Start of TASK DATA
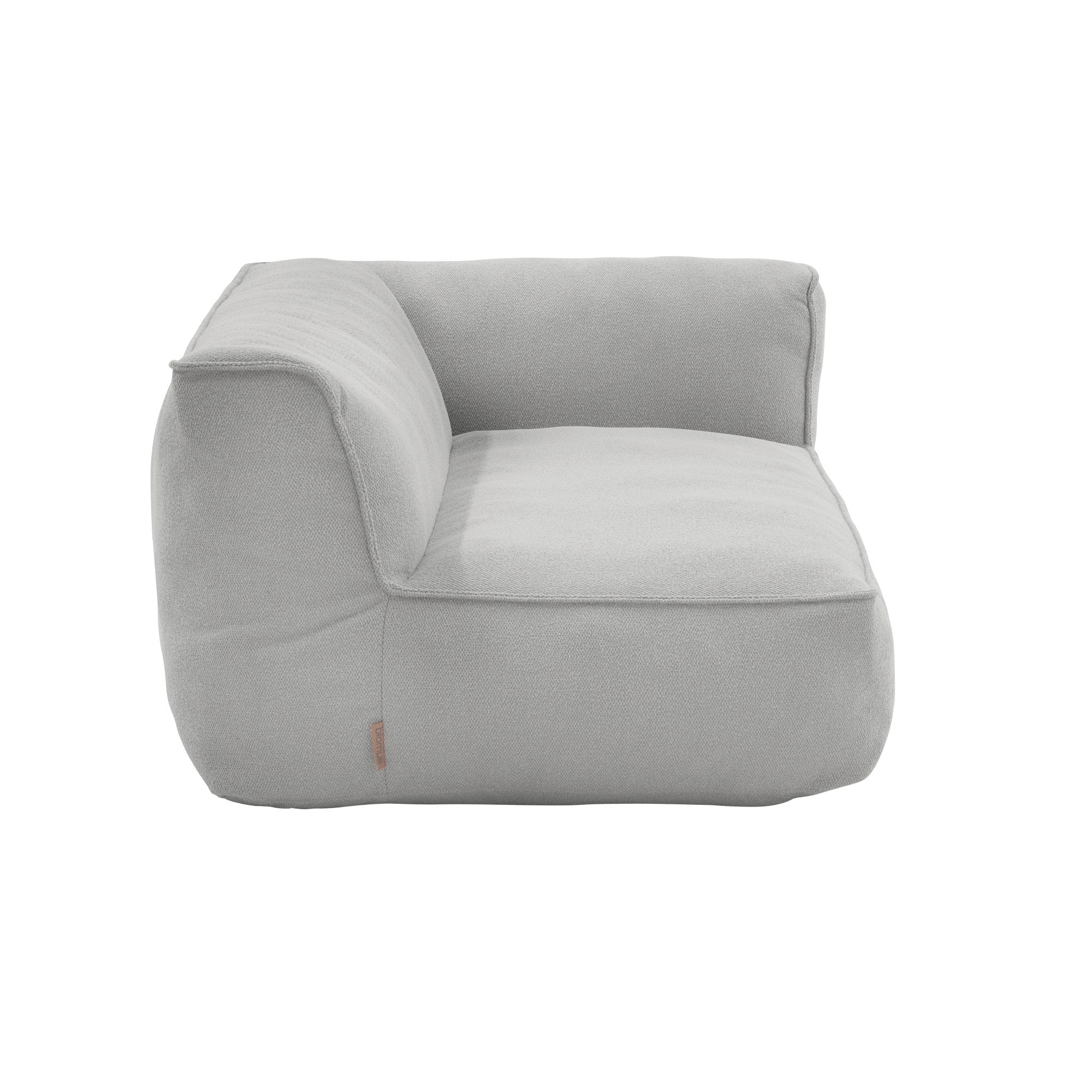 Lichtgrijs hoekelement uit de Grow outdoor serie van Blomus met een afmeting van 75x95 cm en een hoogte van 68 cm. De hoekmodule is op zichzelf een fijn loungemeubel en past perfect bij de andere Grow meubels. Deze zijn ontworpen voor buiten, maar hebben qua comfort vergelijkbare kwaliteiten met binnenmeubels. De polyester bouclé stof is onderhoudsvriendelijk en UV-bestendig. De PA coating maakt de buitenzijde waterbestendig en de binnenzijde is waterdicht door een TPU coating.
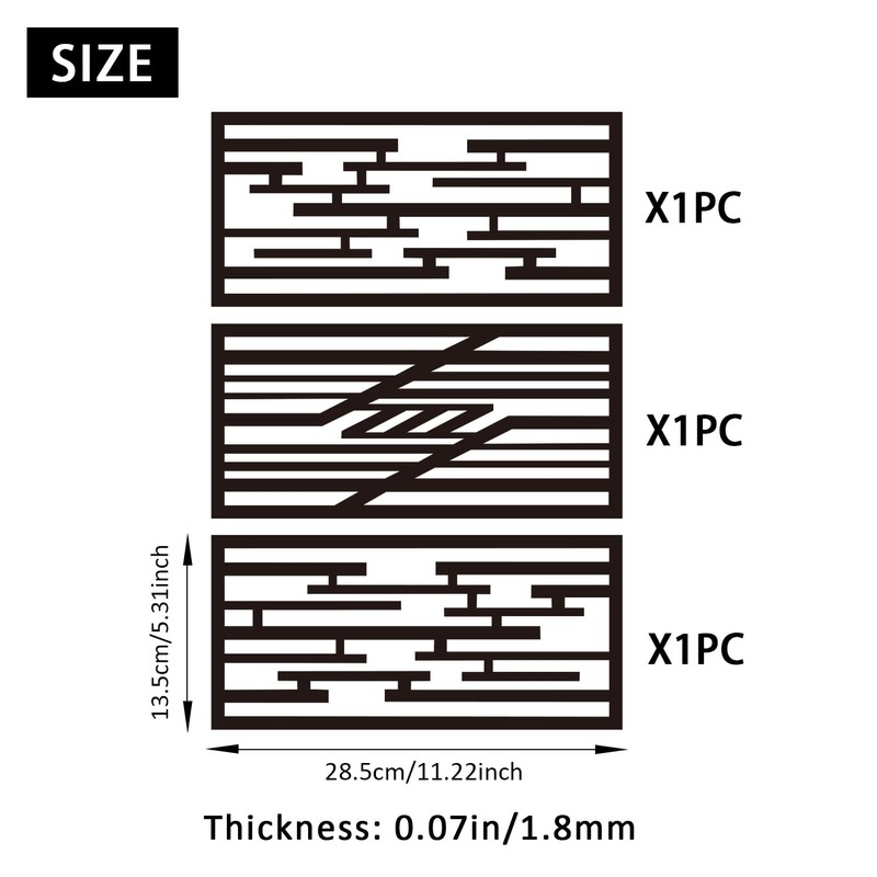 - Size: 11.22"X5.31"/13.5X28.5CM, Thickness: 0.07in/1.8mm. Include 3PCS, can cover 1.24sq.ft
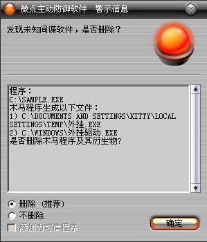 如果您已经将微点主动防御软件升级到最新版本,微点将报警提示您发现木马"Backdoor.Win32.GreyPigeon.a”,请直接选择删除(如图2)。
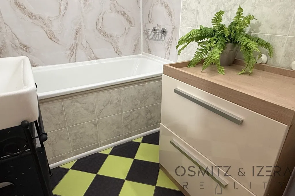 Byt se skládá z velkého obývacího pokoje spojeného s kuchyňským koutem a se vstupem na balkon. V kuchyně je velká kuchyňská linka se spotřebiči a je zde i prostor na pracovnu. Prostorná vstupní chodba se skříní dále pokračuje ke koupelně s vanou, samostatným WC a komorou, kde je připojení na pračku. Dvě ložnice jsou orientované na západ, jsou zde plastová okna se žaluziemi. Byt je kompletně zařízen nábytkem a je ihned k nastěhování. Lodžie je orientovaná na východ do vnitrobloku s dětským hřištěm. Momentálně probíhá na domě zateplení fasády a v rámci toho zasklívání balkonů.
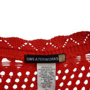Women's red butterfly sleeve knit sweater by Sweater Works. 100% Acrylic. Size Large. B5-B1
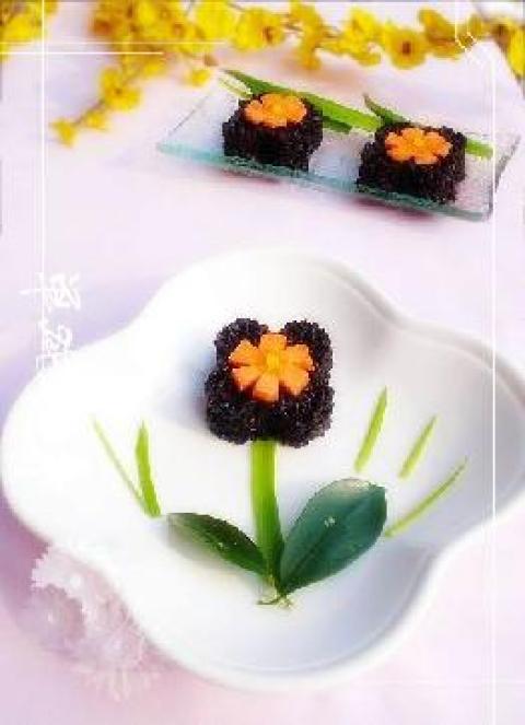 第一种:甜点菜谱黑米可可花花糕做法
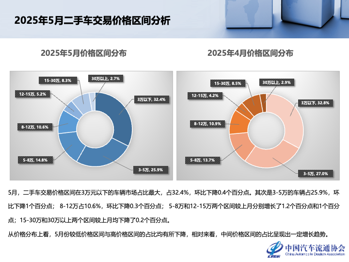 2025年5月,全国二手车市场交易量160.39万辆,环比下降5.72%,同比增长1.22%,交易金额为1029.62亿元。
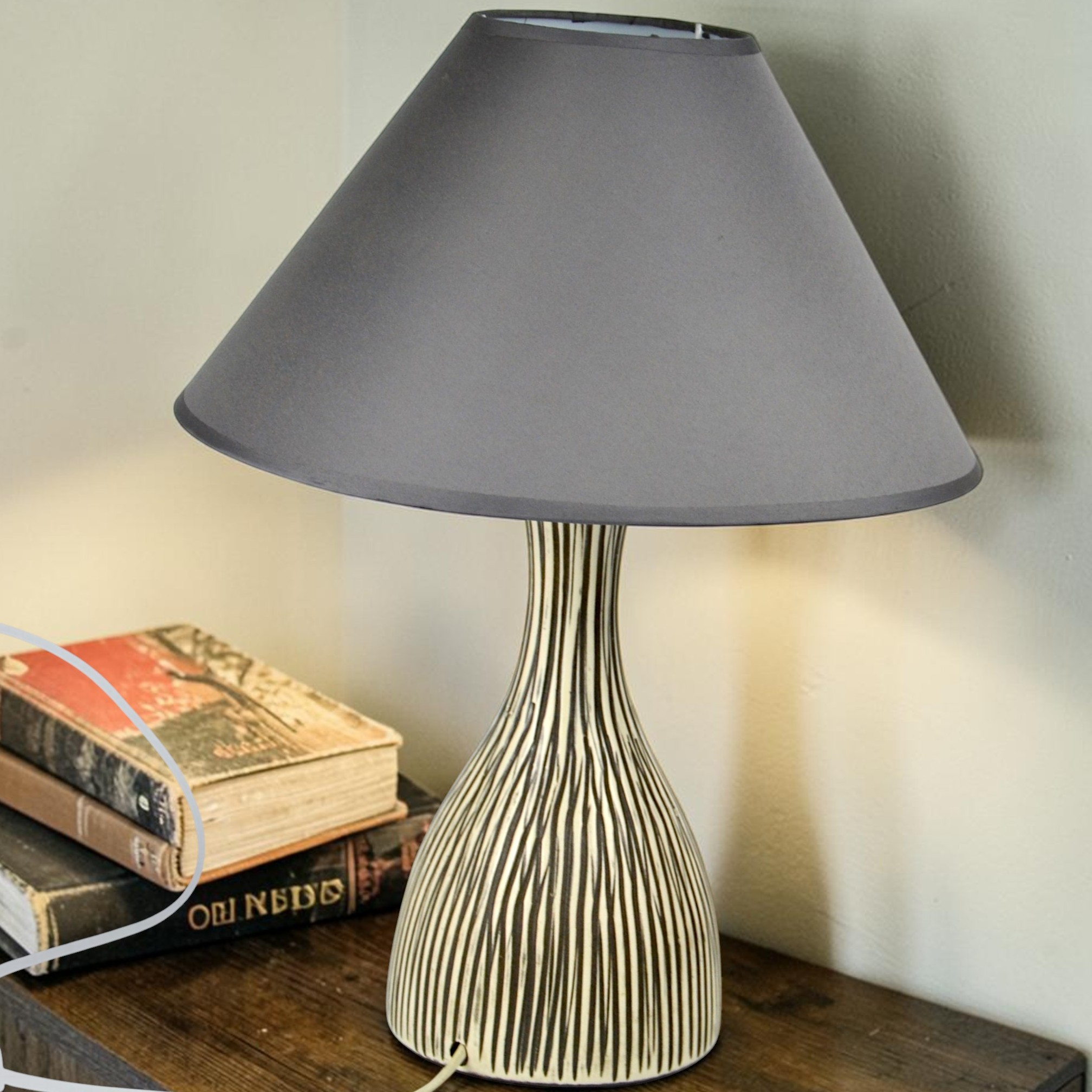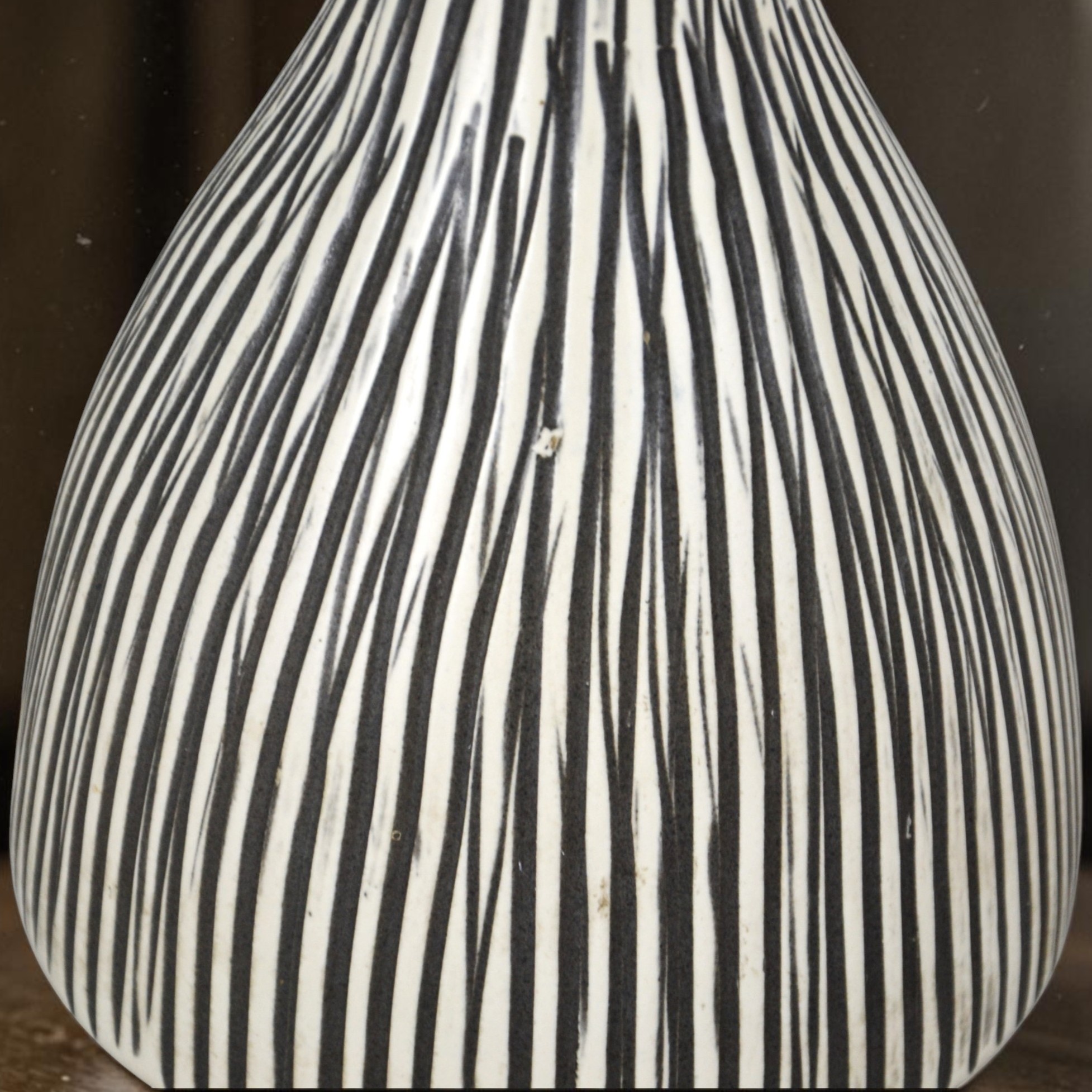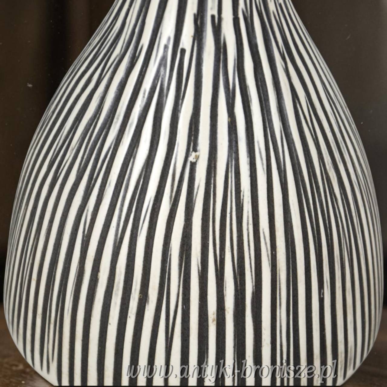 Modernistyczna wydłużona forma, pasiasty żłobiony wzór, kremowo szara kolorystyka.
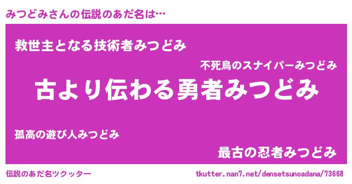 | ヒーロー風カッコイイあだ名 | 『ネオミツドミ』『慈愛の使者みつどみ』 |
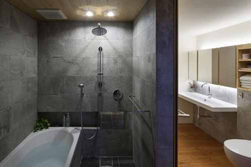 出入口は、水に強い青森ヒバで框を作ったガラス引戸。引戸なので、開け放しておいても邪魔にならず、洗面室と一体感があります。天井も出入り口と同じく青森ヒバ。青森ヒバは香りが良く、精神安定、抗菌、防虫、消臭、脱臭効果があるのが特徴。タイルの割付を整え、水栓、ニップル、スライドバー、レインシャワー、フック、タオル掛け、鏡、ニッチといったアイテムを丁寧に設えています。
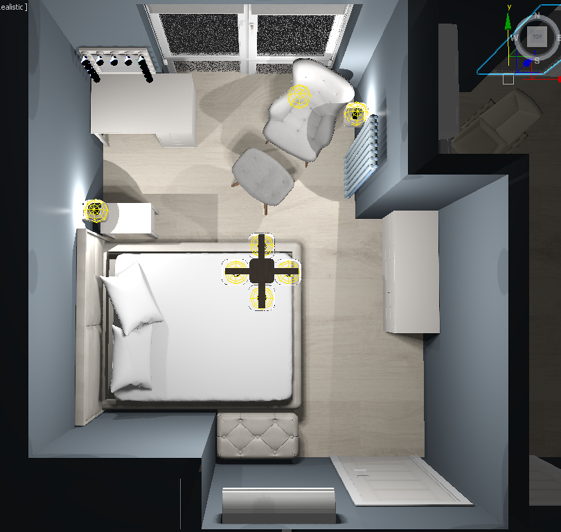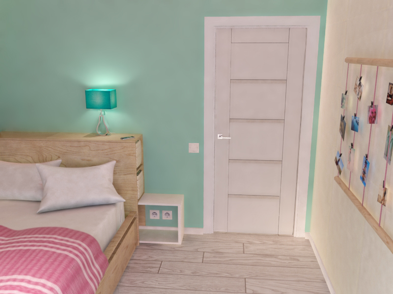 Места для полноценной прикроватной тумбочки оказалось недостаточно, поэтому к кровати пристроили глубокое изголовье с полками и выдвижным столиком. Основание кровати тоже "работает": в нем разместились два выдвижных ящика.
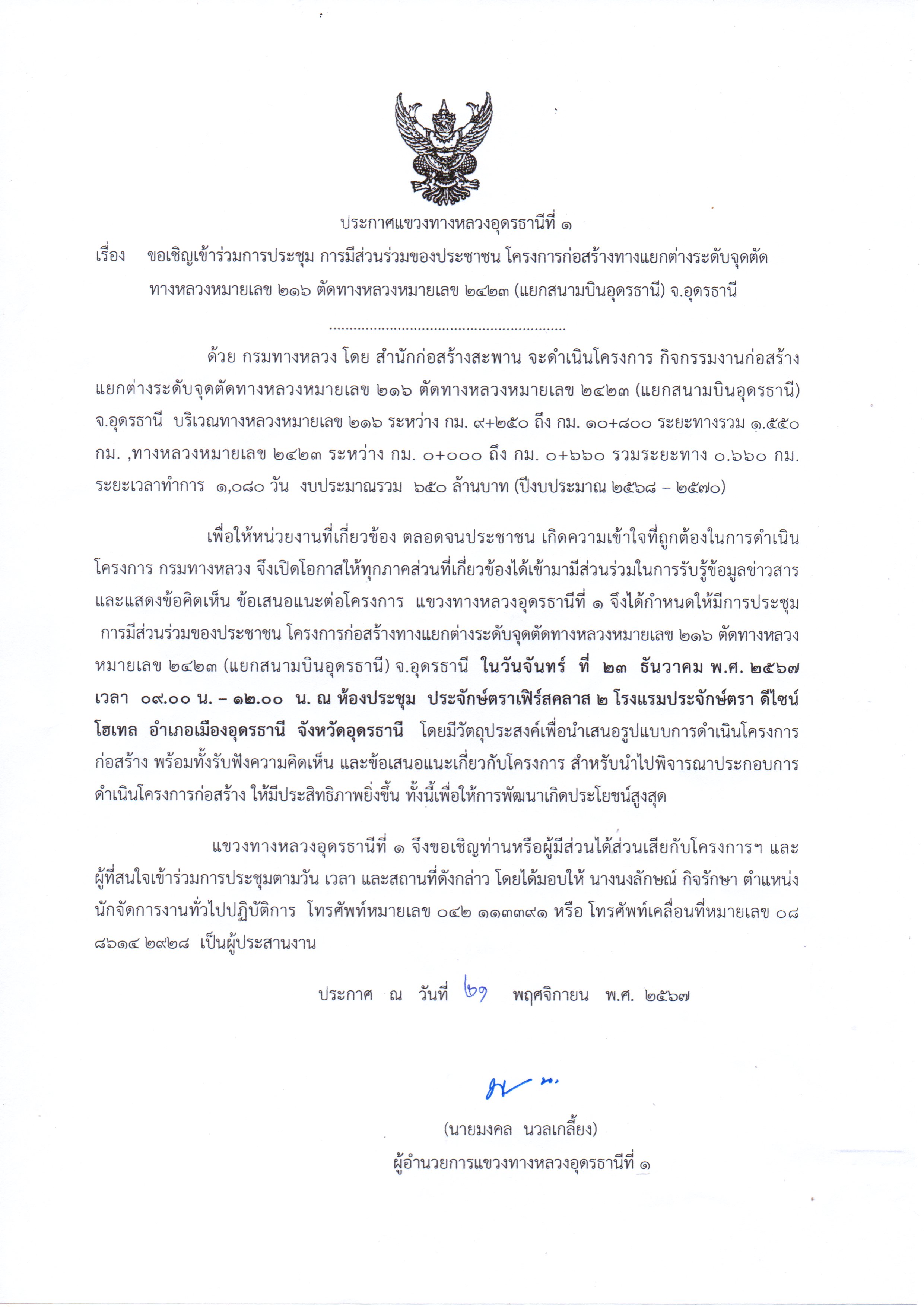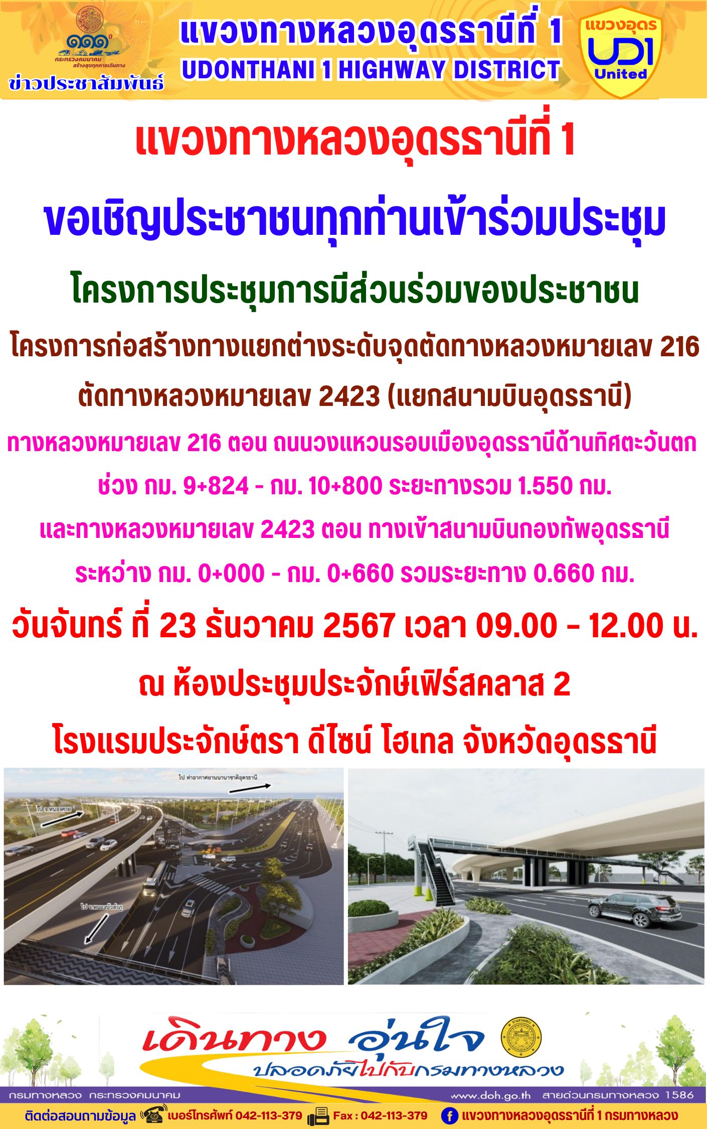แขวงทางหลวงอุดรธานีที่ 1 ขอเชิญประชาชนทุกท่านเข้าร่วมประชุม โครงการประชุมการมีส่วนร่วมของประชาชน โครงการก่อสร้างทางแยกต่างระดับจุดตัดทางหลวงหมายเลข 216 ตัดทางหลวงหมายเลข 2423 (แยกสนามบินอุดรธานี) ทางหลวงหมายเลข 216 ตอน ถนนวงแหวนรอบเมืองอุดรธานีด้านทิศตะวันตก ช่วง กม. 9+824 - กม. 10+800 ระยะทางรวม 1.550 กม. และทางหลวงหมายเลข 2423 ตอน ทางเข้าสนามบินกองทัพอุดรธานี ระหว่าง กม. 0+000 - กม. 0+660 รวมระยะทาง 0.660 กม. วันจันทร์ ที่ 23 ธันวาคม 2567 เวลา 09.00 – 12.00 น. ณ ห้องประชุมประจักษ์เฟิร์สคลาส 2 โรงแรมประจักษ์ตรา ดีไซน์ โฮเทล จังหวัดอุดรธานี
End of TASK DATA
◆ GOAL OF THE EXERCISE:
The data above must be reproduced exactly, without any of its pictures.

◆ YOUR RESPONSE:
 Lichtgrijs hoekelement uit de Grow outdoor serie van Blomus met een afmeting van 75x95 cm en een hoogte van 68 cm. De hoekmodule is op zichzelf een fijn loungemeubel en past perfect bij de andere Grow meubels. Deze zijn ontworpen voor buiten, maar hebben qua comfort vergelijkbare kwaliteiten met binnenmeubels. De polyester bouclé stof is onderhoudsvriendelijk en UV-bestendig. De PA coating maakt de buitenzijde waterbestendig en de binnenzijde is waterdicht door een TPU coating.
 - Size: 11.22"X5.31"/13.5X28.5CM, Thickness: 0.07in/1.8mm. Include 3PCS, can cover 1.24sq.ft
 如果您已经将微点主动防御软件升级到最新版本,微点将报警提示您发现木马"Backdoor.Win32.GreyPigeon.a”,请直接选择删除(如图2)。
 Byt se skládá z velkého obývacího pokoje spojeného s kuchyňským koutem a se vstupem na balkon. V kuchyně je velká kuchyňská linka se spotřebiči a je zde i prostor na pracovnu. Prostorná vstupní chodba se skříní dále pokračuje ke koupelně s vanou, samostatným WC a komorou, kde je připojení na pračku. Dvě ložnice jsou orientované na západ, jsou zde plastová okna se žaluziemi. Byt je kompletně zařízen nábytkem a je ihned k nastěhování. Lodžie je orientovaná na východ do vnitrobloku s dětským hřištěm. Momentálně probíhá na domě zateplení fasády a v rámci toho zasklívání balkonů.
Women's red butterfly sleeve knit sweater by Sweater Works. 100% Acrylic. Size Large. B5-B1
 第一种:甜点菜谱黑米可可花花糕做法
 2025年5月,全国二手车市场交易量160.39万辆,环比下降5.72%,同比增长1.22%,交易金额为1029.62亿元。
 Modernistyczna wydłużona forma, pasiasty żłobiony wzór, kremowo szara kolorystyka.
 | ヒーロー風カッコイイあだ名 | 『ネオミツドミ』『慈愛の使者みつどみ』 |
 出入口は、水に強い青森ヒバで框を作ったガラス引戸。引戸なので、開け放しておいても邪魔にならず、洗面室と一体感があります。天井も出入り口と同じく青森ヒバ。青森ヒバは香りが良く、精神安定、抗菌、防虫、消臭、脱臭効果があるのが特徴。タイルの割付を整え、水栓、ニップル、スライドバー、レインシャワー、フック、タオル掛け、鏡、ニッチといったアイテムを丁寧に設えています。
 Места для полноценной прикроватной тумбочки оказалось недостаточно, поэтому к кровати пристроили глубокое изголовье с полками и выдвижным столиком. Основание кровати тоже "работает": в нем разместились два выдвижных ящика.
แขวงทางหลวงอุดรธานีที่ 1 ขอเชิญประชาชนทุกท่านเข้าร่วมประชุม โครงการประชุมการมีส่วนร่วมของประชาชน โครงการก่อสร้างทางแยกต่างระดับจุดตัดทางหลวงหมายเลข 216 ตัดทางหลวงหมายเลข 2423 (แยกสนามบินอุดรธานี) ทางหลวงหมายเลข 216 ตอน ถนนวงแหวนรอบเมืองอุดรธานีด้านทิศตะวันตก ช่วง กม. 9+824 - กม. 10+800 ระยะทางรวม 1.550 กม. และทางหลวงหมายเลข 2423 ตอน ทางเข้าสนามบินกองทัพอุดรธานี ระหว่าง กม. 0+000 - กม. 0+660 รวมระยะทาง 0.660 กม. วันจันทร์ ที่ 23 ธันวาคม 2567 เวลา 09.00 – 12.00 น. ณ ห้องประชุมประจักษ์เฟิร์สคลาส 2 โรงแรมประจักษ์ตรา ดีไซน์ โฮเทล จังหวัดอุดรธานี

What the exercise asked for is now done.